Any final CRA changes would likely need to be produced in collaboration with the Federal Deposit Insurance Corp. and the Federal Reserve Board, which could also complicate the effort. One potential issue that could delay the release of a proposal is that President Trump's nominee to lead the FDIC, Jelena McWilliams, is still awaiting confirmation.
Both banks and community groups agree that CRA is in need of a reboot, although they often have differing opinions on exactly how regulators should determine scores for individual banks. Another potential area for debate is how regulators define a bank's CRA assessment area. Many say the traditional boundaries tied to a bank's physical branch network are no longer sufficient since internet banking and other digital technologies are redrawing that map.
At a conference last month, Comptroller of the Currency Joseph Otting said the OCC was working with other bank regulators to release “an interagency redo of regulations” for CRA by the end of March. He noted that one priority was a clearer system to judge whether a bank is meeting CRA criteria.
“We want to have a ... measuring system so that there is no doubt about whether banks are in compliance,” Otting said during a securitization industry conference in Las Vegas on Feb. 27.
The regulators will specifically ask the public for what types of activities and products should qualify for a CRA credit, said a source familiar with the matter. They will also look at how to evaluate all qualifying activities, regardless of location, and create a metric-based threshold for all four of the CRA rating categories.
Many groups have long complained that CRA is not being applied consistently and clearly, and that the reliance on geographic footprints and physical branches ignores the mobile products offered to communities today.

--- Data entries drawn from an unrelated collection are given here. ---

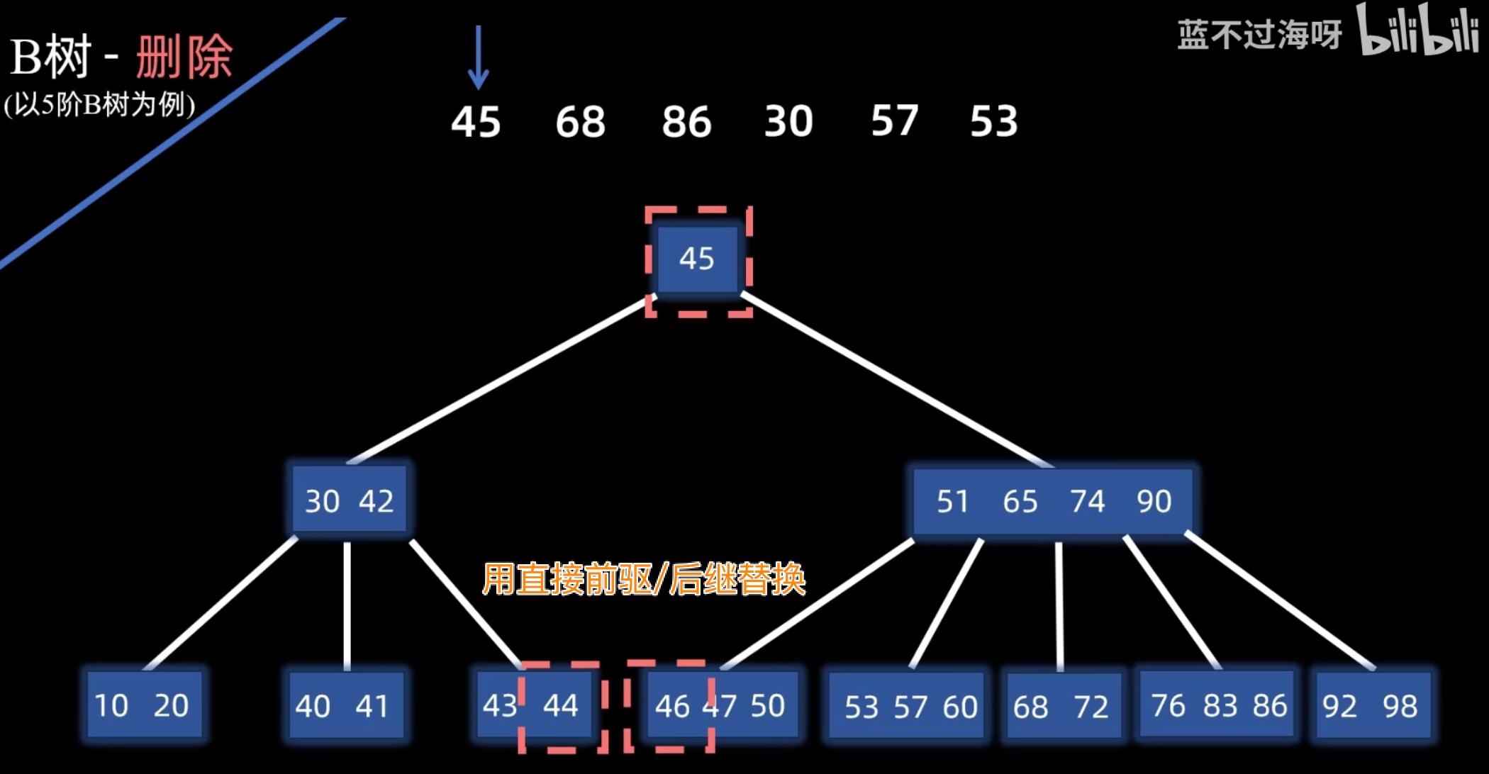 • 然后,将被用来替换的那个前驱或后继关键字从其所在的叶子结点中删除。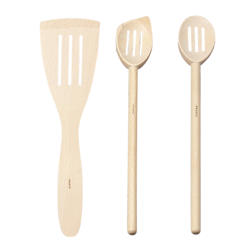 HIC Spoon, 11-1/2", slotted, round, beechwood, Made in France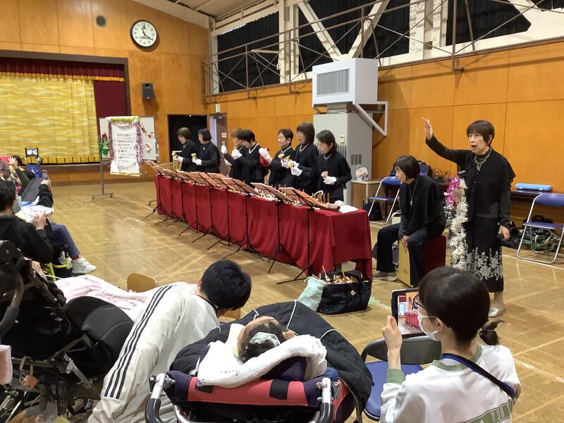 7/10(木)にボランティアアンサンブルマミーズさんによる演奏会を行いました。校歌や「イッツ ア スモール ワールド」など児童生徒になじみ深い曲の演奏をしていただきました。今年のプログラムでは、最後に「ストーリーズ」といって、「となりのトトロ」の演奏を聴きながらお話(ストーリー)を聞くという新しいスタイルの内容も取り入れてくださり、見たり、聞いたりしながら楽しい時間を過ごしました。次回は、7/17(木)に来校していただく予定になっています。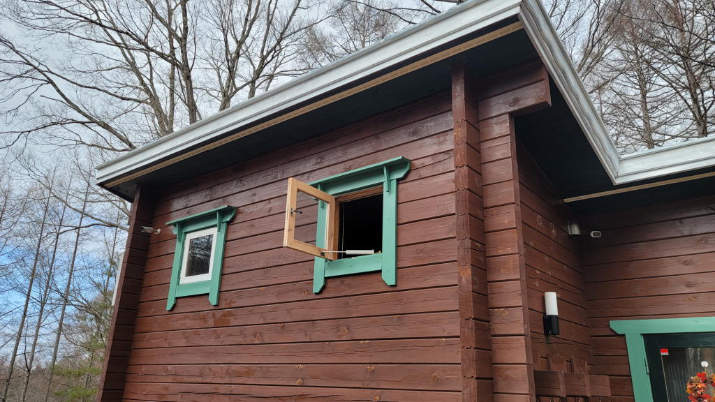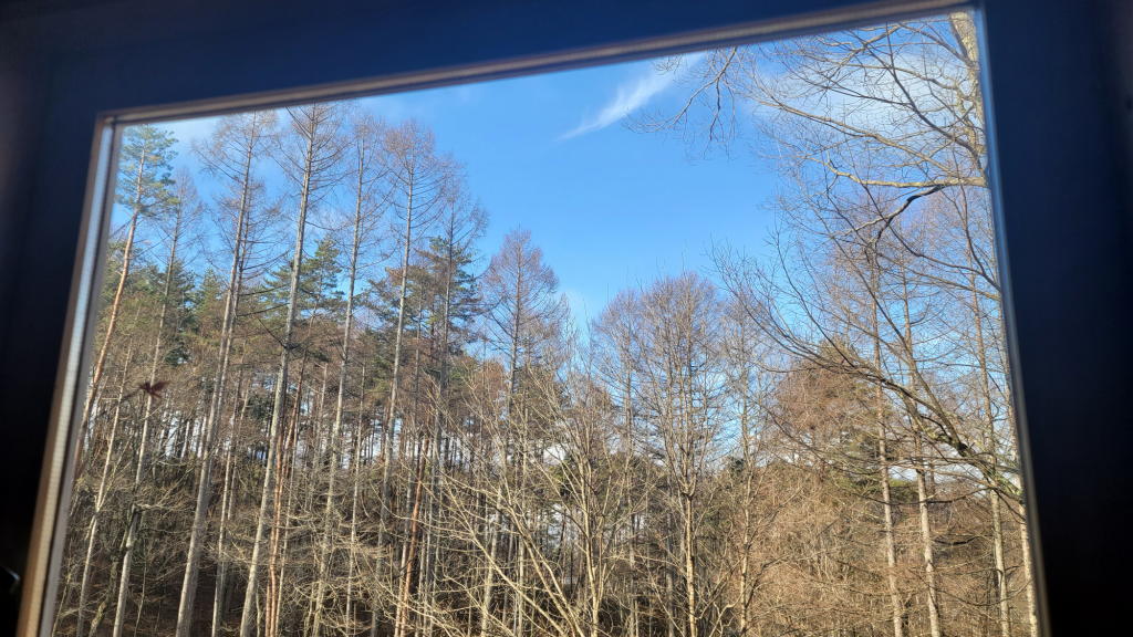 昨日とは打って変わって、今日の八ヶ岳は朝から快晴。オフィスの窓からは八ヶ岳ブルーの空と財産区林の木々が見える。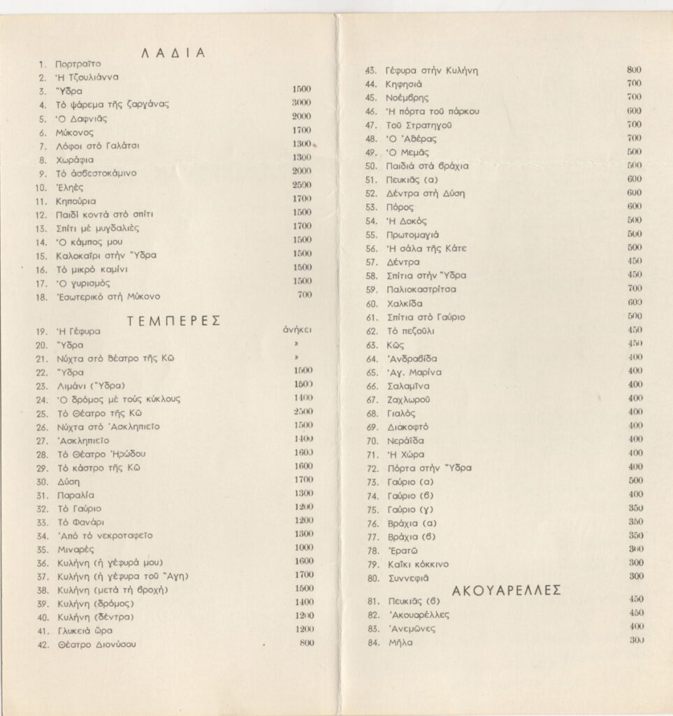 Teloglion Foundation of Arts ; Spiteris Tonis (1910 - 1986) ; Goulaki-Voutira Alexandra (20th century) ; Makris Kitsos (1917 - 1988) ; Mavrommatis Emmanouil (1935) ; Xydis Alexandros (1918 - 2004) ; Papanikolaou Miltiadis (1947) ; Pantermalis Dimitrios (1940) ; Mourelos Georgios (1912 - 1994) ; Christou Chrysanthos (1922 - 2016) ; Kazazi Sofia (20th century) ; Stefanidis Manos (1954) ; Varopoulou Eleni (1945 ) ; Kampouridis Charis (1950) ; Schina Athina ; Georgiadou-Kountoura Euthymia (20th century) ; Kotidis Antonis (1949) ; Charalampidis Alkis (20th century) ; Christianopoulos Ntinos (1931 - 2020) ; Nikonanos Nikos (20th century) ; Fatourou-Isychaki Kanto (20th century) ; Skaltsa Matoura (20th century) ; Sachini Aggeliki (20th century) ; Nikoulis G. (20th century) ; Ioannidis Andreas (1950) ; Pappa Sania (1957)

“There are banks with almost no geographic footprint” and the “regulators are struggling with” how to apply CRA to that, Abernathy said.
The Treasury Department is also expected to soon release recommendations for changes to CRA, to follow up on an earlier report saying CRA policy is "in need of modernization.”
"Aligning the regulatory oversight of CRA activities with a heightened focus on community investments is a high priority for" Treasury Secretary Steven Mnuchin, the June report said.
Community groups like the National Community Reinvestment Coalition have asked regulators to redefine assessment areas, and to broaden CRA policy beyond the banking industry to include mortgage companies, investment banks, credit unions and online lenders.
“The CRA regulation defines assessment areas on CRA exams as geographical areas where a bank’s branches are located,” the coalition said in a Jan. 11 web post outlining recommended changes to CRA. “This needs to change to include also geographical areas where banks make substantial numbers of loans via non-branch means such as by loan officers or brokers.”
The Comptroller's Office had started in 2016 to assess how it applies the Community Reinvestment Act, and to work through a massive backlog of CRA exams, under then-Comptroller Thomas Curry. Banks are supposed to be examined for CRA every three years, but Wells Fargo received a downgrade on its CRA score in March 2017, almost eight years after its last score in 2009.
“Like any set of rules, it is wise to study from time to time how to make them more effective and relevant on the one hand and less burdensome on the other,” said Gene Ludwig, the chief executive of Promontory Financial Group and a former comptroller of the currency. “It’s also important that we consider ways to expand the CRA approach to nonbanking organizations, particularly nonbank financials.”